*** Data in this exercise
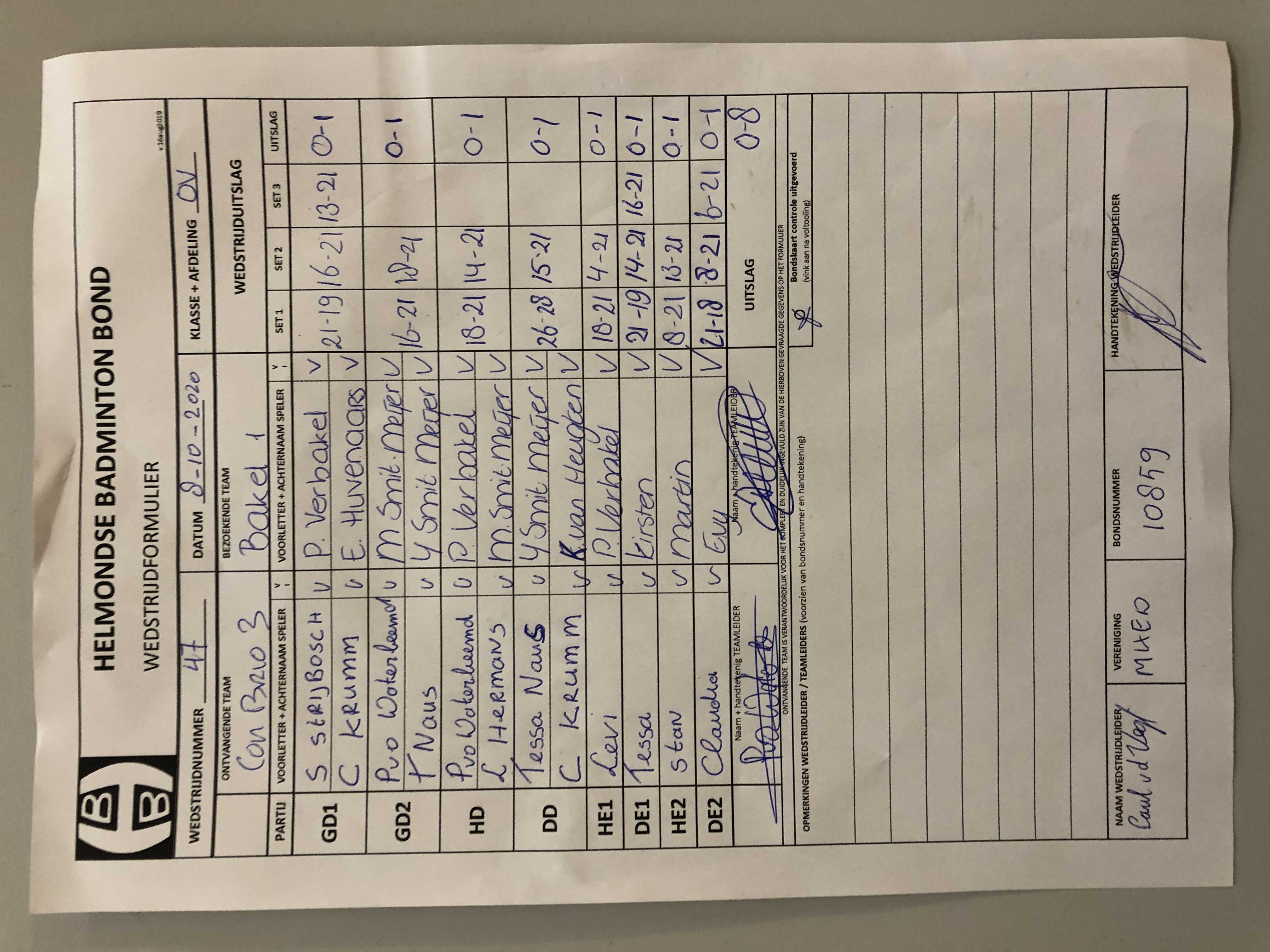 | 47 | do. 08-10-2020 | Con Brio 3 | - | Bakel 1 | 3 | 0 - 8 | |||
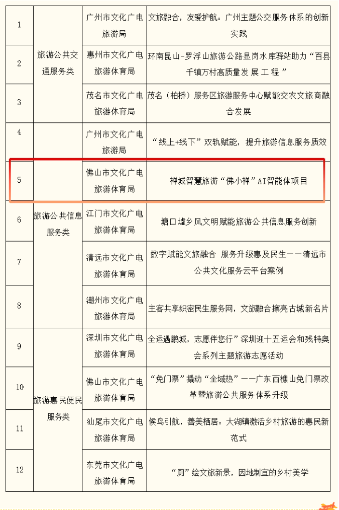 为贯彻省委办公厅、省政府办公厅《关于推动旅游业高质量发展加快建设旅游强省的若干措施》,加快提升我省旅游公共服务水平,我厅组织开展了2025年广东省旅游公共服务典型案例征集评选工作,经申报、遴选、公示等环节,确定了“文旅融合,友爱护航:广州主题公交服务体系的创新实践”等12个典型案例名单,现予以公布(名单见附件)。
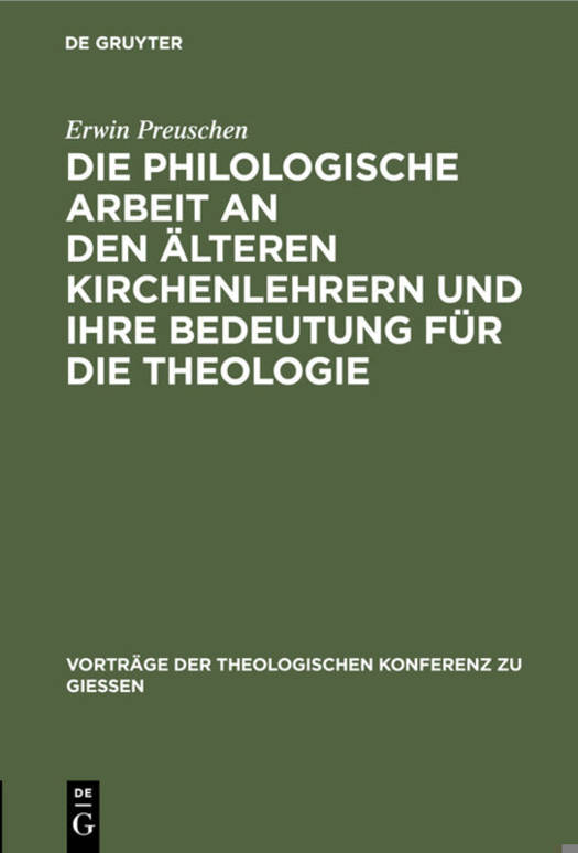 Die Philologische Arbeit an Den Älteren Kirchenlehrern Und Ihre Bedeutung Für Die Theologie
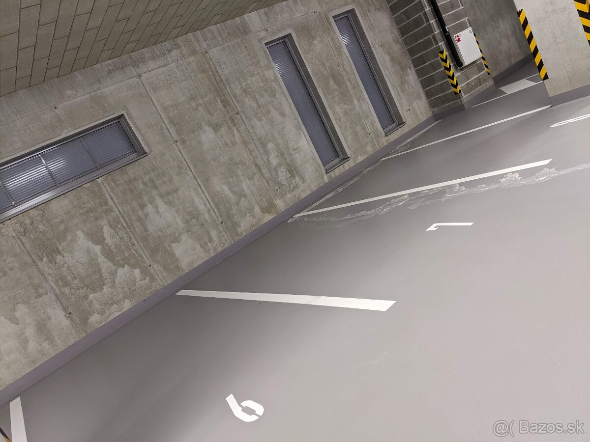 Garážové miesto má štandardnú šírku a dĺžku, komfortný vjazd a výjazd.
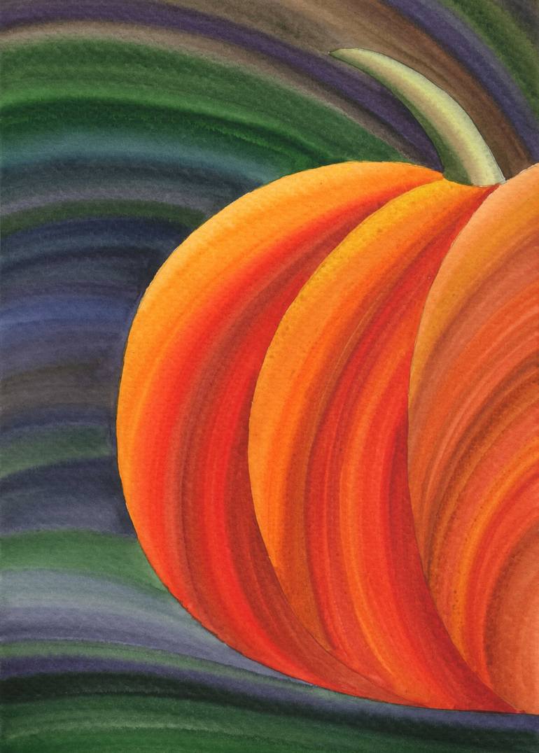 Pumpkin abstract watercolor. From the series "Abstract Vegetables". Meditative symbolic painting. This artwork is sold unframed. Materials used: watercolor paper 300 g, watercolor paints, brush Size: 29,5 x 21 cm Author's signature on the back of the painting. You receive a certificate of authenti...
******
*** Data in this exercise
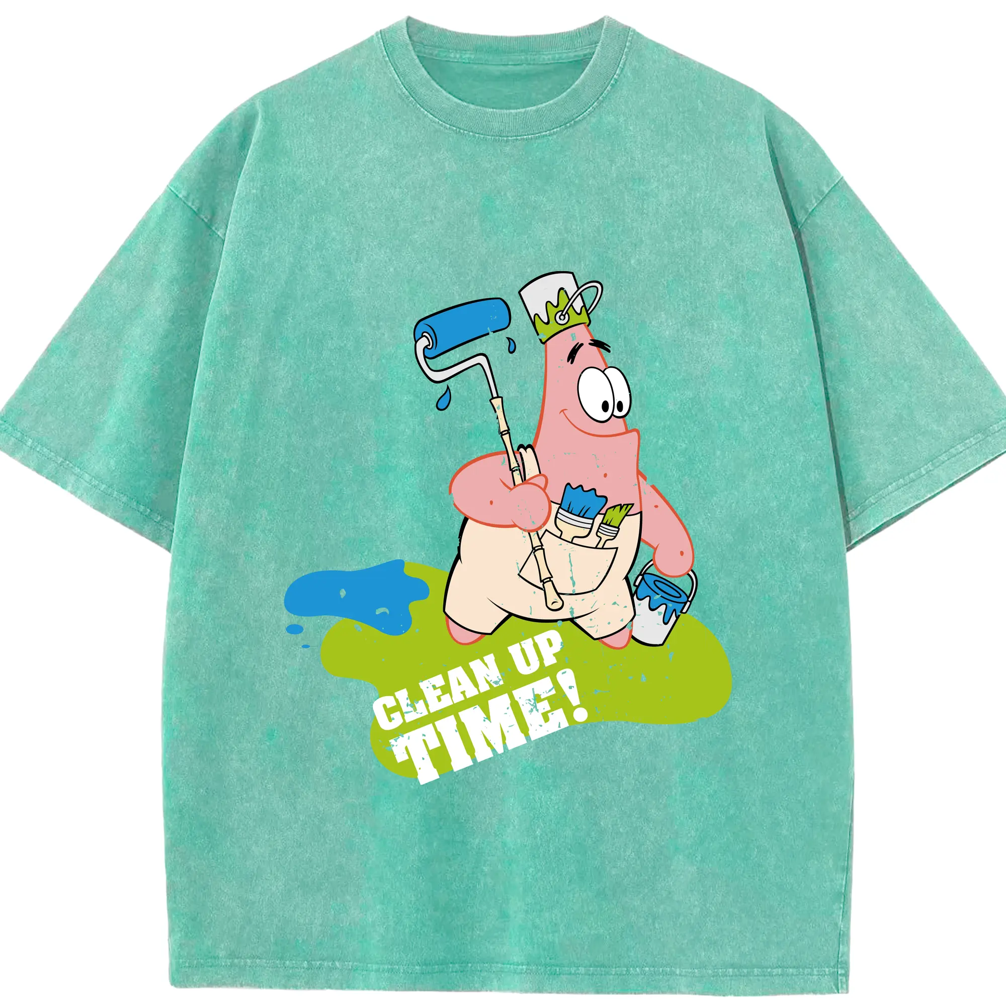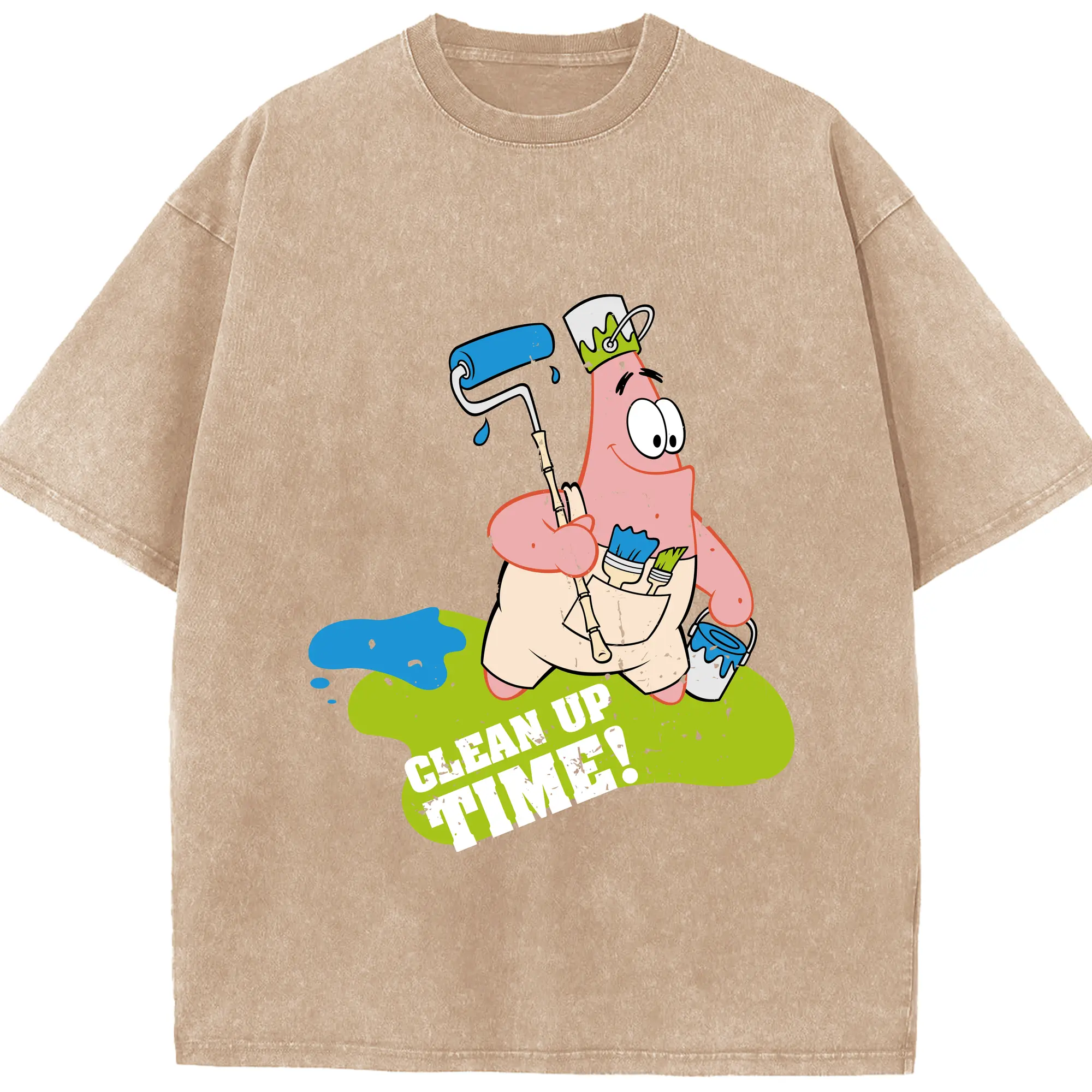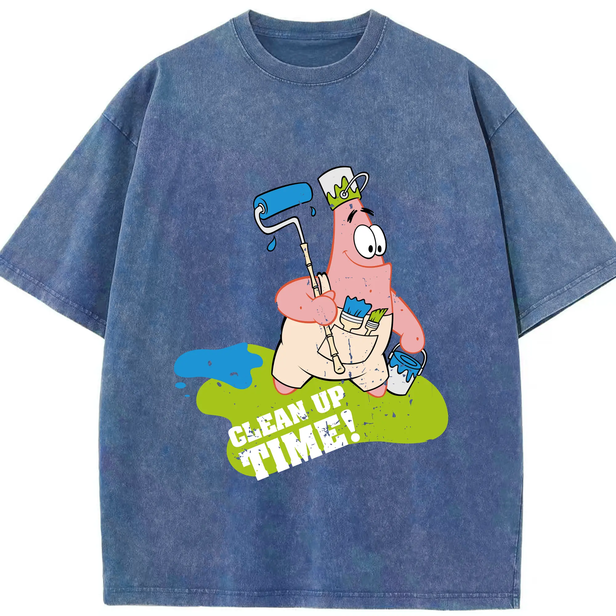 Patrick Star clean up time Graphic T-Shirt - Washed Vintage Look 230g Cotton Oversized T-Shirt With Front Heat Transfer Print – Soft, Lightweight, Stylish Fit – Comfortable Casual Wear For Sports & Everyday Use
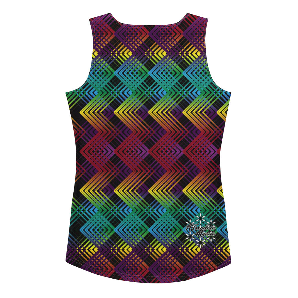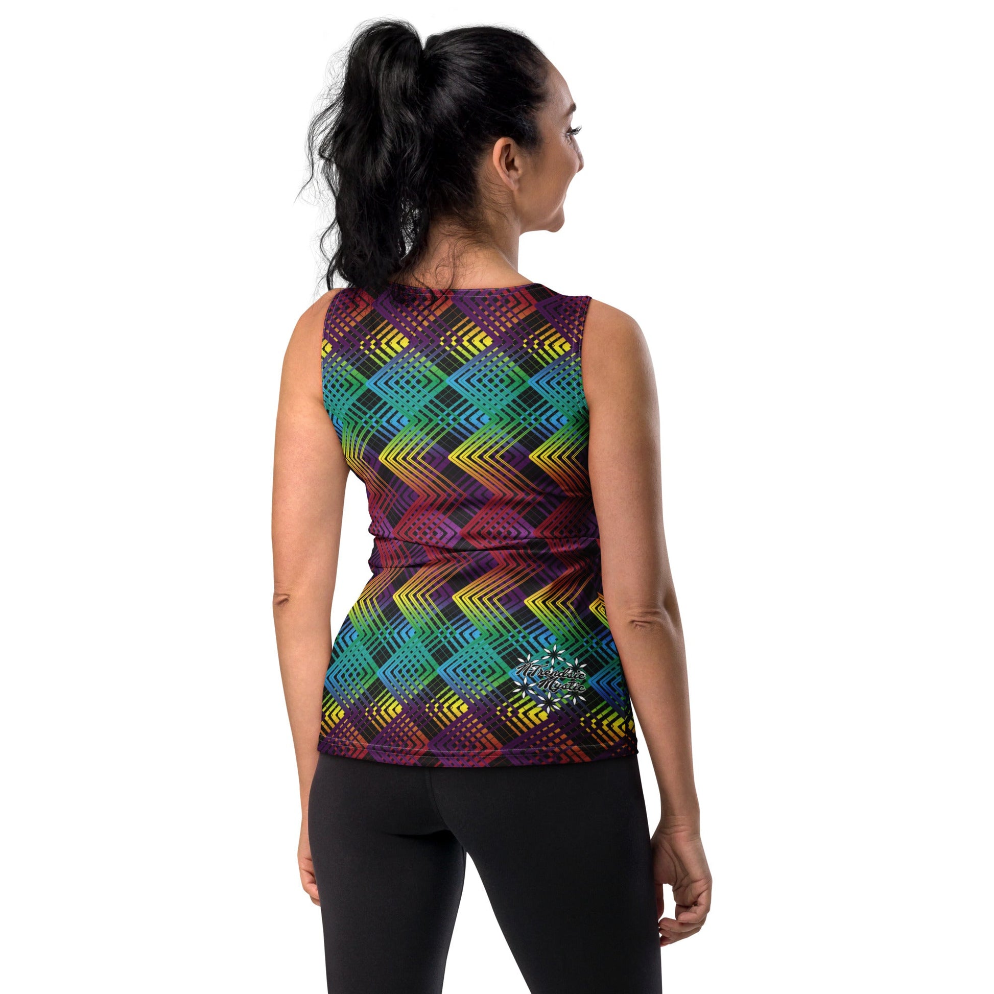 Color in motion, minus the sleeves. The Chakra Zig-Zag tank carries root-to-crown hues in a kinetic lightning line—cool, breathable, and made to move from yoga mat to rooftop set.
******
__Your task__
Your reply is to be an exact repeat of the listing above from the line holding "do. 08-10-2020 |" down to the line holding "Pumpkin abstract watercolor.", ends included, pictures excluded.

__Written solution__
 | 47 | do. 08-10-2020 | Con Brio 3 | - | Bakel 1 | 3 | 0 - 8 | |||
 为贯彻省委办公厅、省政府办公厅《关于推动旅游业高质量发展加快建设旅游强省的若干措施》,加快提升我省旅游公共服务水平,我厅组织开展了2025年广东省旅游公共服务典型案例征集评选工作,经申报、遴选、公示等环节,确定了“文旅融合,友爱护航:广州主题公交服务体系的创新实践”等12个典型案例名单,现予以公布(名单见附件)。
 Die Philologische Arbeit an Den Älteren Kirchenlehrern Und Ihre Bedeutung Für Die Theologie
 Garážové miesto má štandardnú šírku a dĺžku, komfortný vjazd a výjazd.
 Pumpkin abstract watercolor. From the series "Abstract Vegetables". Meditative symbolic painting. This artwork is sold unframed. Materials used: watercolor paper 300 g, watercolor paints, brush Size: 29,5 x 21 cm Author's signature on the back of the painting. You receive a certificate of authenti...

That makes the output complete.